I’ve been trying to find the attribution, but I once read something along these lines: the late John Entwistle was a good songwriter in a band with a great one.

Sure, Pete Townshend’s songs constituted the lion’s share of The Who’s repertoire, as well they should. He composed some of the most durable songs (and concept albums) in rock history.

But Entwistle’s contributions are no slouches, whatsoever: “Whiskey Man,” “Boris the Spider,” “Silas Stingy” and “Success Story,” to name a few. Then there was “My Wife,” his sardonic take on domestic bliss, and the soaring “Heaven and Hell,” which served as The Who’s concert opener during the band’s “Live at Leeds” era.

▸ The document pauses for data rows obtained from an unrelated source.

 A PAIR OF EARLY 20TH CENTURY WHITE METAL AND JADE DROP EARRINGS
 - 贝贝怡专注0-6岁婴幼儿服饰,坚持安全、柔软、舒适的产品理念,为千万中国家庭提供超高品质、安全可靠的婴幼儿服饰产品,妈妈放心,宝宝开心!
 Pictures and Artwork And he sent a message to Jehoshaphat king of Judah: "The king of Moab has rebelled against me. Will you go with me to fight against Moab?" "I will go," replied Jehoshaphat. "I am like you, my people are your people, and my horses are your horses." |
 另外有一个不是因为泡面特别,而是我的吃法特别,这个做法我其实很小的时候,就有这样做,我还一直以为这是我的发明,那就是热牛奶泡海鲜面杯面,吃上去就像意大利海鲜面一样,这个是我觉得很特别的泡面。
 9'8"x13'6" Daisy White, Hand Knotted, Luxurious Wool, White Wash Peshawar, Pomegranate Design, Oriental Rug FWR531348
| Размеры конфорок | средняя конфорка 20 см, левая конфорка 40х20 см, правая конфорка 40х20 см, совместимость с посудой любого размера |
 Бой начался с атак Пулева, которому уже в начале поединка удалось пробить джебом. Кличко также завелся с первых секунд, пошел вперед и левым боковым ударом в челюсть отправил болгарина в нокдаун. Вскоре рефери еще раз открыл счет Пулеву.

The last-named appears, recorded at a slower tempo, on “Smash Your Head Against the Wall,” the first solo release by a member of The Who. The album concentrates more on Entwistle’s songwriting than his landmark bass playing, but the results are no less impressive: nine tuneful tracks that stack up against many of the better rock songs of the period.

The album’s title is taken from a lyric in the opener, “My Size,” which combines a monumentally heavy riff with suitably nasty subject matter: an unnamed woman who “really hurt my feelings,” and John’s plans for her.

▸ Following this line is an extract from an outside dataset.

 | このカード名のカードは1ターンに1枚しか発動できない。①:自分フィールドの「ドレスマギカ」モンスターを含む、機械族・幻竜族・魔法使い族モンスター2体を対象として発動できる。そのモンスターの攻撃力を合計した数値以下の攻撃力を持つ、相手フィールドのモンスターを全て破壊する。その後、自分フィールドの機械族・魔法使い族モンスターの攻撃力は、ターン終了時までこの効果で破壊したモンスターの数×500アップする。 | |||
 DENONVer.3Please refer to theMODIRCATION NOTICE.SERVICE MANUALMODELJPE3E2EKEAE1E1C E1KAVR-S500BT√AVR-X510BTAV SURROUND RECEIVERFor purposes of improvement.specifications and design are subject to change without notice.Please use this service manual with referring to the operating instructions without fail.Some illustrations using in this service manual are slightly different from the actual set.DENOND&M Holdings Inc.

Many of the other songs explore various forms of unpleasantness, as some of the titles suggest; for example, “What Are We Doing Here?” and “What Kind of People Are They?” Even “Heaven and Hell,” which on the surface balances good and bad, contains the plea: “Why can’t we have eternal life and never die?”

“Smash Your Head Against the Wall” ends on a positive note, if you take the lyrics to “I Believe in Everything” halfway seriously. At any rate, it serves as a fitting counterpoint to the rest of what constitutes John Entwistle’s brightest moment as an artist in the spotlight.